Computational systems (and software developers) are inherently more comfortable with the first solution. We're very good at doing computation with as many significant digits as you'd like. But cutting the cake ever more precisely isn't likely to be the answer we want. Slicing more precisely only gives us the appearance of fairness—or, more aptly put, something that we can justify as "fair," but without putting an end to the argument. (When I was growing up, the argument typically wasn't about size, but who got more pieces of cherry. Or the icing flower.) Can we do better? Can we come up with solutions that leave people satisfied, regardless of how the cake is cut?

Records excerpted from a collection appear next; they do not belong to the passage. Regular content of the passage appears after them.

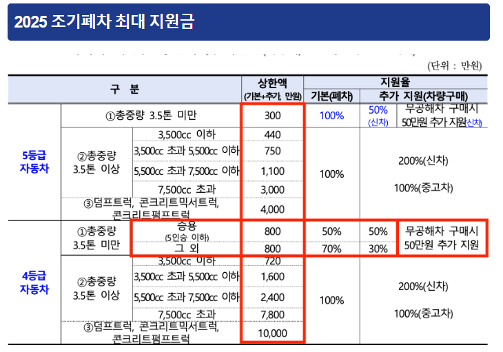 🔹 2025년 노후경유차 조기폐차 지원 최대지원금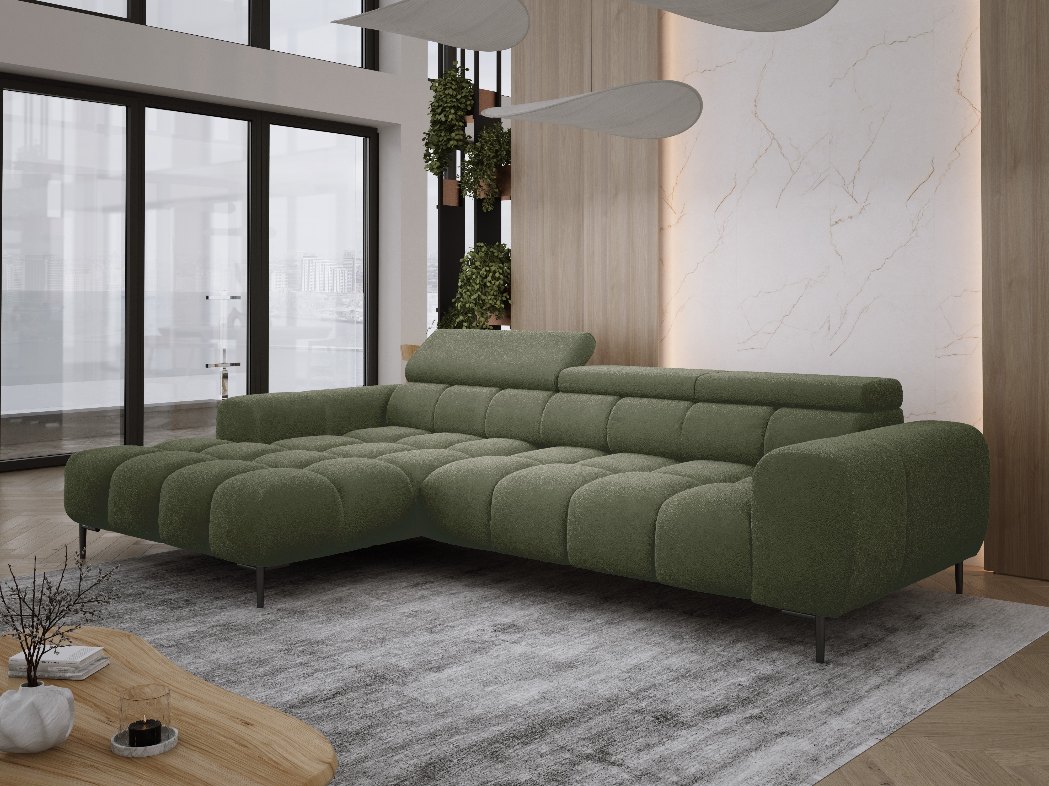 Pikowane siedzisko nadaje narożnikowi nowoczesnego charakteru, a wysokie metalowe nóżki (czarne lub złote) w stylu loftowym dodają mu lekkości i elegancji.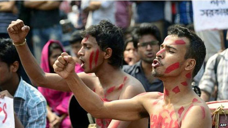 | Sinh viên và các nhà hoạt động xã hội biểu tình sau cái chết của Avijit Roy. |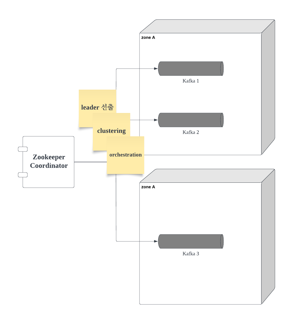 μΉ΄νμΉ΄λ μΌλ°μ μΌλ‘ zookeeper λΌλ λΆμ° μ½λλ€μ΄ν°μ ν¨κ» λμνλ€.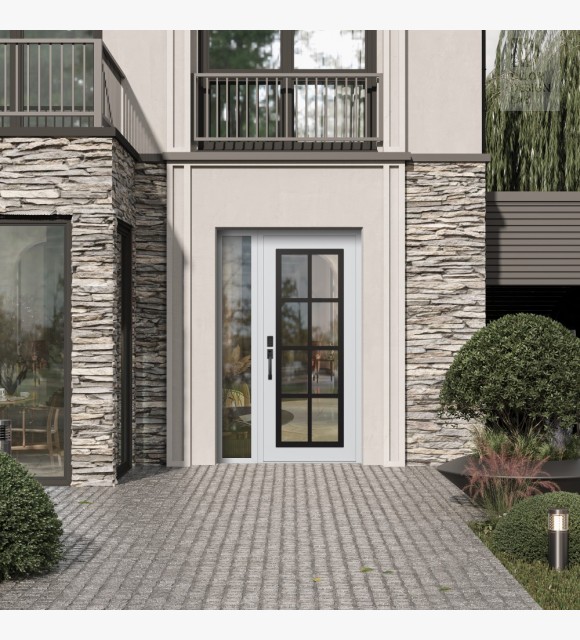 The double-chamber glazing combined with polystyrene insulation reduces heat loss by 40-50% compared to conventional exterior doors: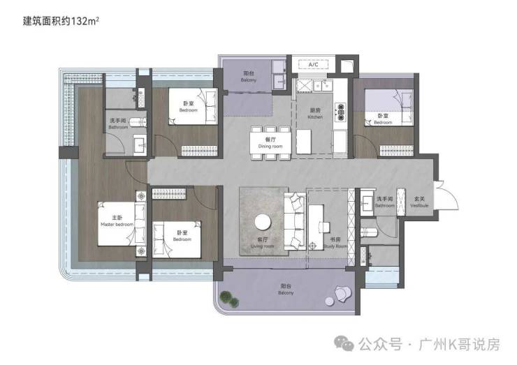 132㎡创意四房两卫,西南向,超50㎡大方厅,格局大气阔绰通透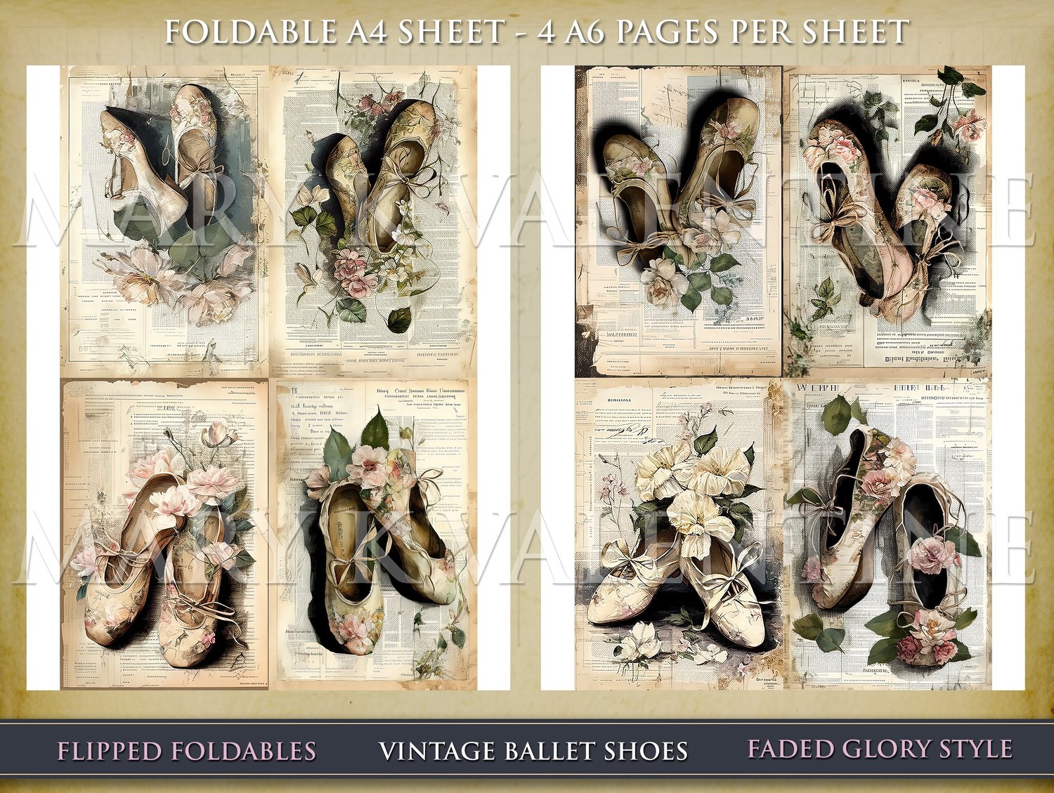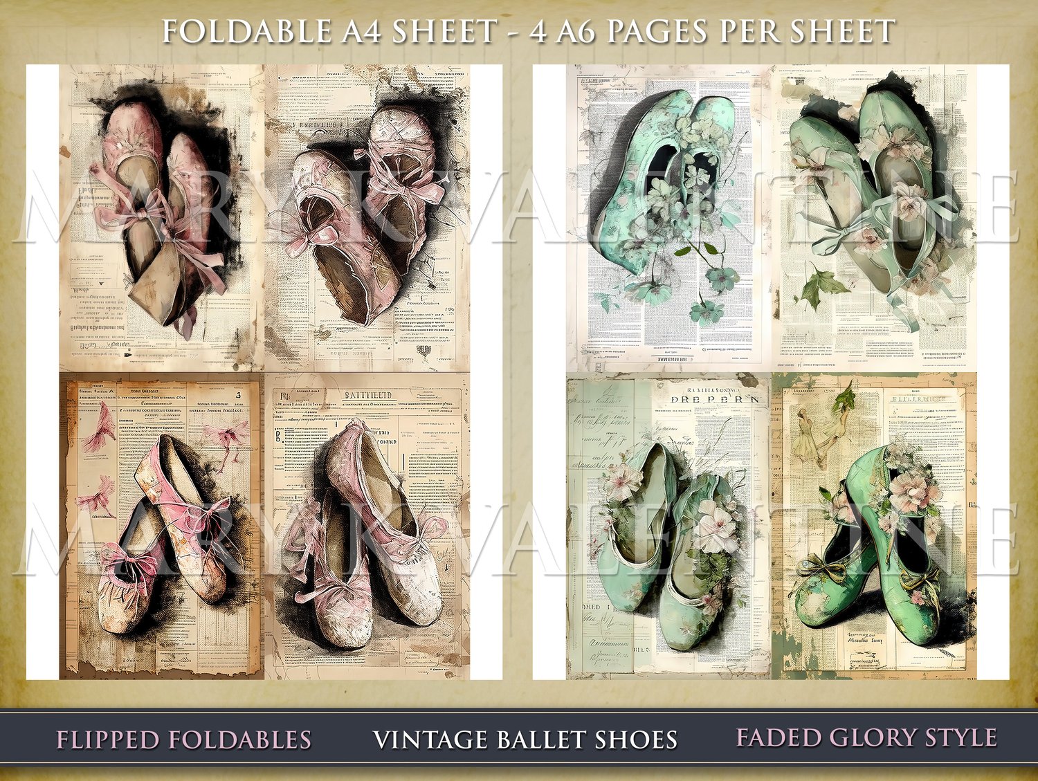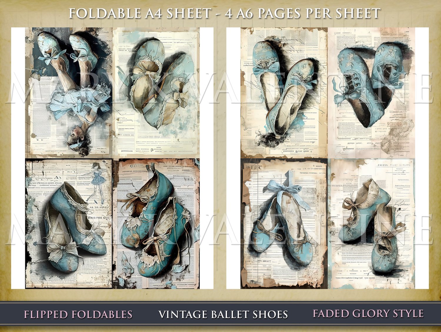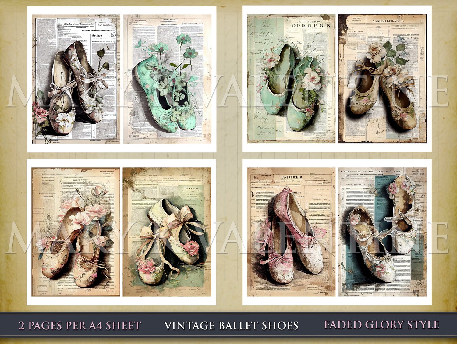 Faded Glory Vintage Coloured Ballet Shoes Distressed Junk Journal Printable Papers

We're ultimately after justice, not fairness. And by stopping with fairness, we are shortchanging the people most at risk. If justice is the real issue, what are we missing? In a conversation, Anna Lauren Hoffmann pointed out that often the biggest difference between having privilege and being underprivileged isn't formal; it’s practical. That is, people can formally have the same rights or opportunities but differ in their practical capacity to seek redress for harms or violations of those things. Having privilege, for example, means having the resources to appeal wrongs if one is short-changed by an unfair system. They may have the time or economic bandwidth to hire a lawyer, spend hours on the phone, contact elected officials, do what it takes. If you are underprivileged, these things can be effectively out of reach. We need to make systems that are more fair (whatever that might mean); but, recognizing that our systems aren't fair, and can't be, we need to provide mechanisms to repair the damage they do. And we need to make sure those systems are easily accessible, regardless of privilege.
The right to appeal builds fairness into the system, rather than having fairness as an external criterion. It's similar to letting one child cut the cake, and the other choose. It's only similar because the appeal process can itself be unfair, but it's a huge step forward. When an appeal is possible, and available to all, you don't need a perfect algorithm.
So, can we get to some conclusions? Being fair is hard, algorithmic or otherwise. Even deciding what we mean by "fair" is difficult. Do not take that to mean that we should give up. But do take that to mean that we shouldn't expect easy, simple solutions. We desperately need to have a discussion about "fairness" and what that means. That discussion needs to be broad and inclusive. And we may need to conclude that "fairness" is contextual, and isn't the same in all situations.
As with everything else, machine learning can help us to be fair. But we're better off using machine learning to understand what's unfair about our data, rather than trusting our systems to make data-driven decisions about what "fair" should be. While our systems can be assistants or even collaborators, we do not want to hand off responsibility to them. When we treat machine learning systems as oracles, rather than as assistants, we are headed in the wrong direction. We can't trick ourselves into thinking that a decision is fair because it is algorithmic. We can't afford to "mathwash" important decisions.
Finally, however we make decisions, we need to provide appeal mechanisms that are equally available to all—not just to those who can afford a lawyer, or who can spend hours listening to music on hold. The ability to appeal may be the most important part of a fair system, and it's one that isn't often discussed in data circles. The ability to appeal means that we don't have to design systems that get it right all the time—and that's important because our systems most certainly won't get it right all the time. Fairness ultimately has less to do with the quality of our decisions than the ability to get a bad decision corrected.